いやいや、ずーっと寝てたのは知ってるぞ。

歳を取ったせいなのか、はたまた耳が聞こえにくいのか、最近はお迎えに来てくれることがほとんどありません。帰宅して、声を掛けたり撫でたりすると、やっと気づいて鳴いて返事をしてくれることもありますが、基本的にはだるそうにしていることが多いです。

我が家のように高齢猫の多くは腎臓に疾患を抱えていることが多いです。腎臓疾患になると、腎臓がキチンと血を濾過することが出来ず、老廃物等の血中濃度があがり、身体のだるさ気持ち悪さにより、あまり身体を動かさなくなるようです。

現状、我が家の猫も血液検査をすると尿素窒素(BUN)やクレアチニン(Cr)の値は正常値を超えています。しかし、過去に体調を崩した際などは病院の計測値を振り切るくらいの高い値になったりした時と比べると、数値は高いものの眼を引ん剝くほどの高い値ではありません。

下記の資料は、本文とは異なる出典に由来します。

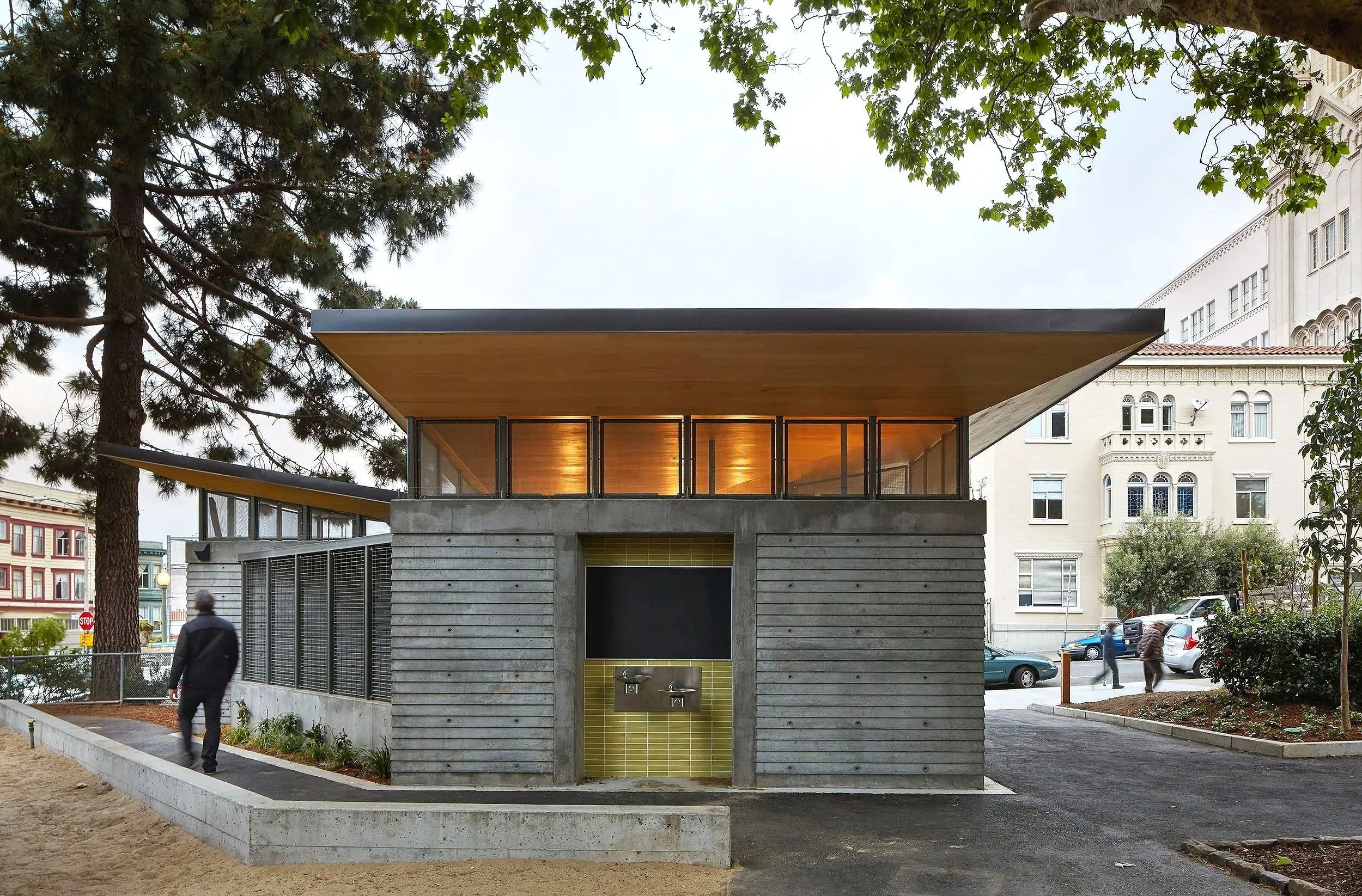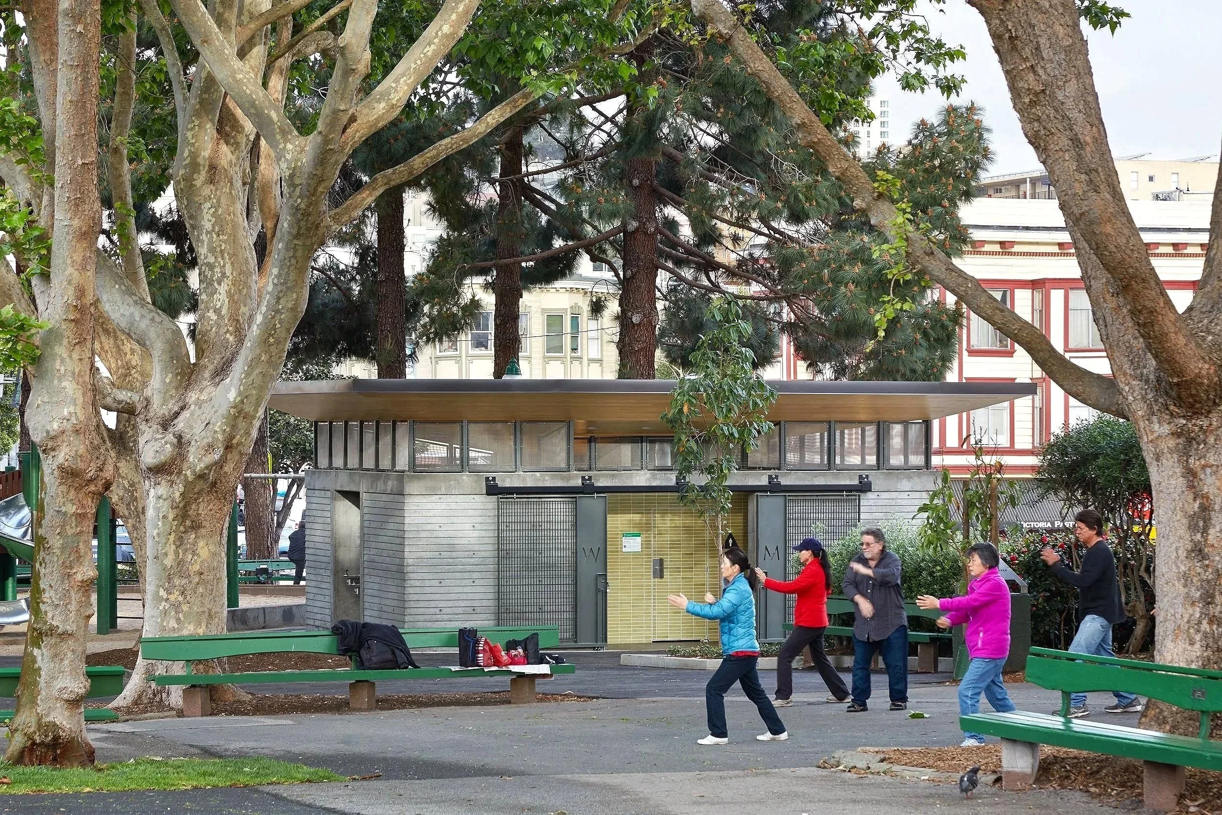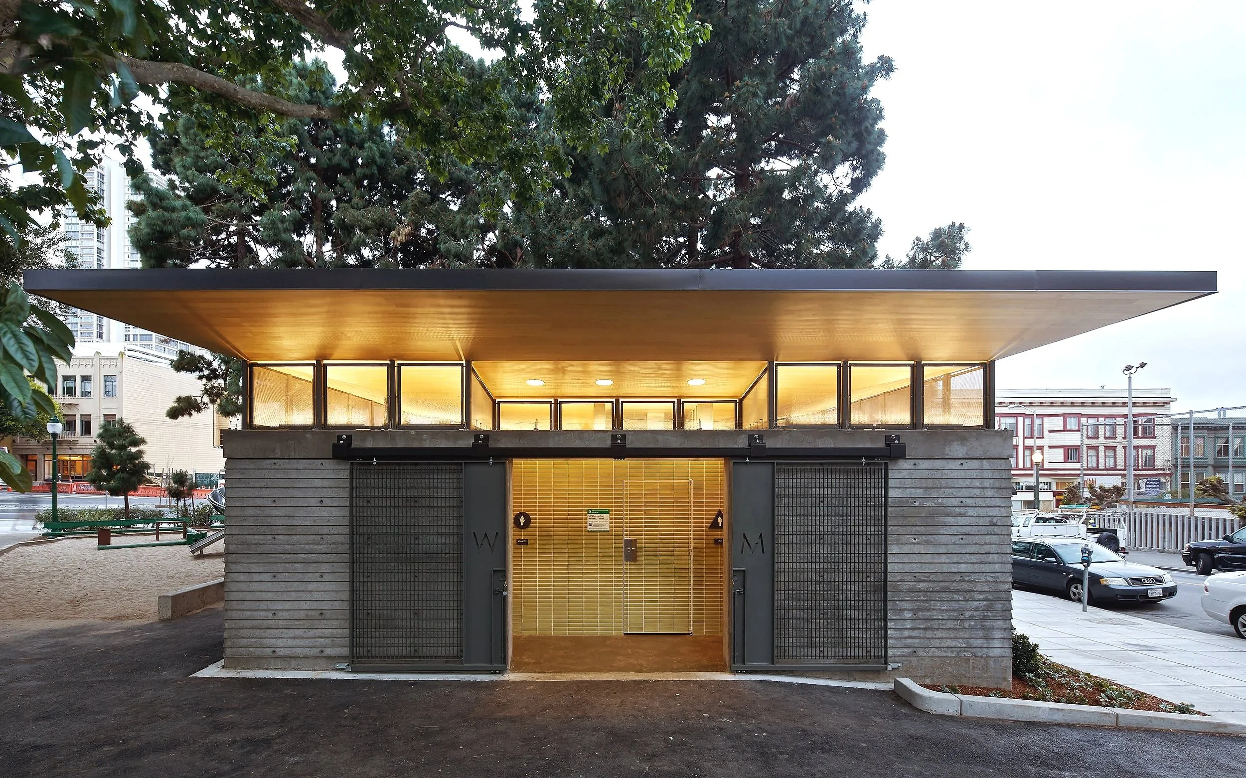 Sited among large trees in the northwest corner of historic Washington Square, this new restroom building provides easy and visible access to improved park amenities.

我が家のかかりつけ医は、腎臓の数値よりも今は貧血を非常に気にしています。「腎臓より先に貧血が原因で死ぬかもしれない」とまで言うようになっています。

人間が貧血になると

人間が貧血になった時の主な初期症状としては、疲労感倦怠感顔面蒼白軽い運動での動悸や息切れなどが挙げられます。これは、身体の筋肉や臓器に酸素を供給する赤血球が少なくなっているため、身体が必要とする酸素が十分に供給されないことから、これらが酸欠になっていることによるものです。

 

貧血が進行すると、頭痛目まい意識が遠くなる運動中のけいれんや胸の痛みなどの症状も出てるようです。また、高齢者の貧血は物忘れ症状が出てくることもあり、認知症と間違えてしまうこともあるとのこと。

こうしてみると、全身症状が延々と続くということで、身体もツライことが予想されます。長距離走で走り終えたあと、息がいつまで経っても落ち着かない状態と考えれば良いでしょうか。頭も痛くなるもんね…座り込んで立てなくなってるのも酸欠ですし。

腎不全が貧血を起こす 腎性貧血

よく貧血は鉄分を摂れば良くなると言われますが、一般的にはその通りで、栄養をしっかり摂って鉄剤や鉄分が多いサプリを摂ることで改善することが多いようです。

しかし、腎臓機能の低下による貧血は、単に鉄分が足りないのではなく、赤血球の産生を促すホルモン「エリスロポエチン」が腎臓で生成される量が減るため、十分な赤血球が骨髄で作られない状態によるものです。これを「腎性貧血」と言います。本来は、このエリスロポエチンは体内の酸素濃度の低下を検知すると産生が促されるホルモンですが、弱った腎臓はこの造血ホルモンである「エリスロポエチン」を生み出せなくなるようなのです。こうなると、単に鉄分を摂るだけでは赤血球が増えません。

腎性貧血になると、かつては輸血しか治療法が無かったようなのですが、現在は人間の腎性貧血でもこの造血ホルモン(EPO製剤)を注射することで補完することが一般的で、ありがたいことに今は動物病院でもこの治療法を導入してくれています。輸血に比べれば圧倒的にハードルが低いですし、このEPO製剤は長年、腎性貧血に取り組んできた医療従事者にとっては物凄くありがたい薬だそうです。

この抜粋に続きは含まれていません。